#### Data for this task

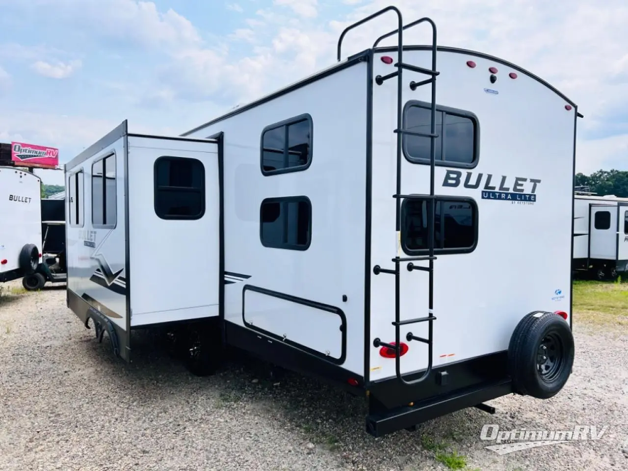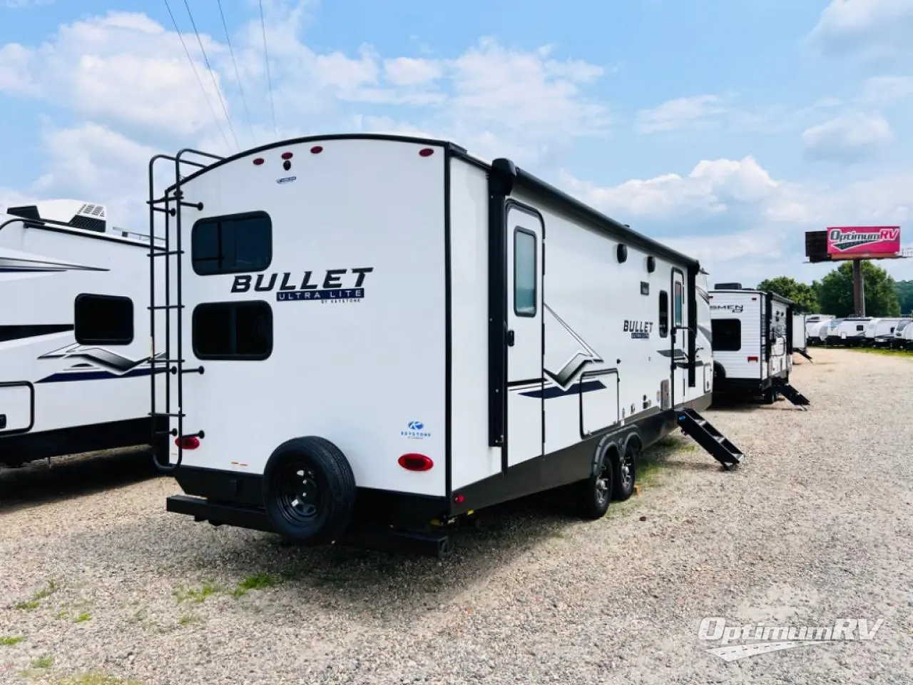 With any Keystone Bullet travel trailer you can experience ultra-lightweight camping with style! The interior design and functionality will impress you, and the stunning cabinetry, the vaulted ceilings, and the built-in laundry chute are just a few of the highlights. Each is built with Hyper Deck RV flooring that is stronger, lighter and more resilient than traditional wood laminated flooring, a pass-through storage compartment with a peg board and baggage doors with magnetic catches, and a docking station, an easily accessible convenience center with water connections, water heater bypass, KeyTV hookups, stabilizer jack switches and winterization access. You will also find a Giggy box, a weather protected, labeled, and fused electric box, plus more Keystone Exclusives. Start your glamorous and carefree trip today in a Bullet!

########
#### Data for this task

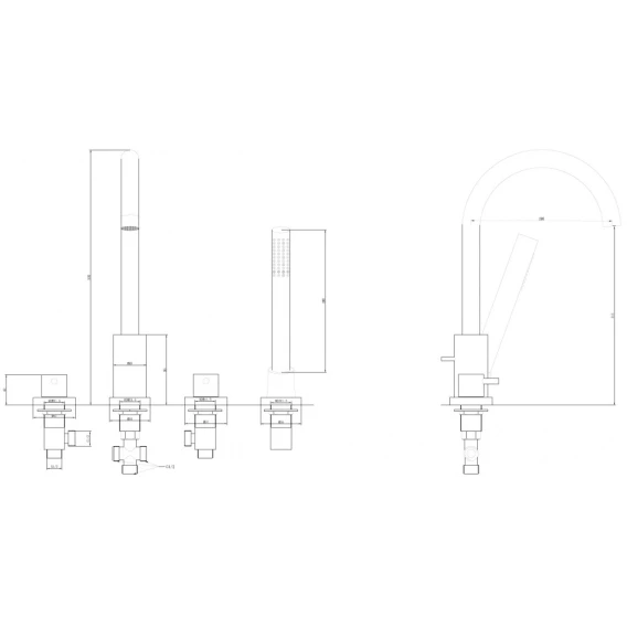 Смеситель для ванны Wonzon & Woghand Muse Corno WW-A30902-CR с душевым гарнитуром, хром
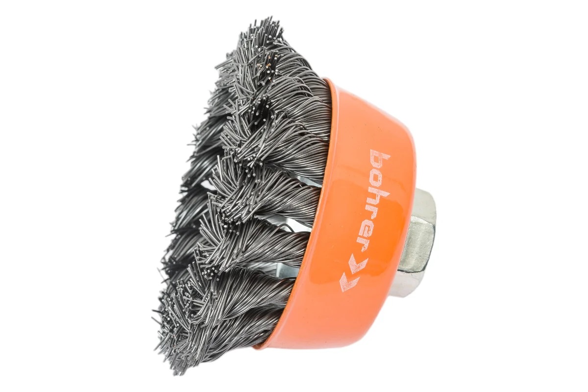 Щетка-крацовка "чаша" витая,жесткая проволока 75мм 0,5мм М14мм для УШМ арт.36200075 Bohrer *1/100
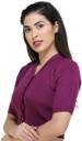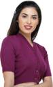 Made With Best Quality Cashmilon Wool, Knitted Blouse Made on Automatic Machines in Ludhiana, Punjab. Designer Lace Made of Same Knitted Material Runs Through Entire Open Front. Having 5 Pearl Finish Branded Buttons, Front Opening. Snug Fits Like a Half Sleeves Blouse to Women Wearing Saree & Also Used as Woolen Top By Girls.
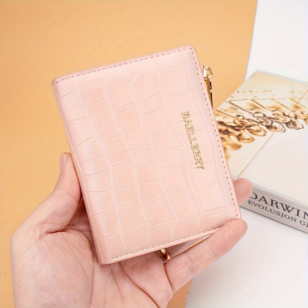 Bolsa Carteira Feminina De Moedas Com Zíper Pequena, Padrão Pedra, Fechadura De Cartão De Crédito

########
#### Data for this task

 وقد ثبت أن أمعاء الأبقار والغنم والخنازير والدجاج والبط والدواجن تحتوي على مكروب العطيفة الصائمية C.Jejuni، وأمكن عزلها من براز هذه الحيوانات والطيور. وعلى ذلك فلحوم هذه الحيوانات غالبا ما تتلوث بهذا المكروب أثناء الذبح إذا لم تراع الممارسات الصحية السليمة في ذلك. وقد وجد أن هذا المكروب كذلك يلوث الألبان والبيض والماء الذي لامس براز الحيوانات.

########

Your task :: Within the listing above, the lines starting at the one containing "Made With Best" and ending at the one containing "Bolsa Carteira Feminina" are to be returned exactly. Omit the pictures.

Solution for this task ::
 Made With Best Quality Cashmilon Wool, Knitted Blouse Made on Automatic Machines in Ludhiana, Punjab. Designer Lace Made of Same Knitted Material Runs Through Entire Open Front. Having 5 Pearl Finish Branded Buttons, Front Opening. Snug Fits Like a Half Sleeves Blouse to Women Wearing Saree & Also Used as Woolen Top By Girls.
 Bolsa Carteira Feminina De Moedas Com Zíper Pequena, Padrão Pedra, Fechadura De Cartão De Crédito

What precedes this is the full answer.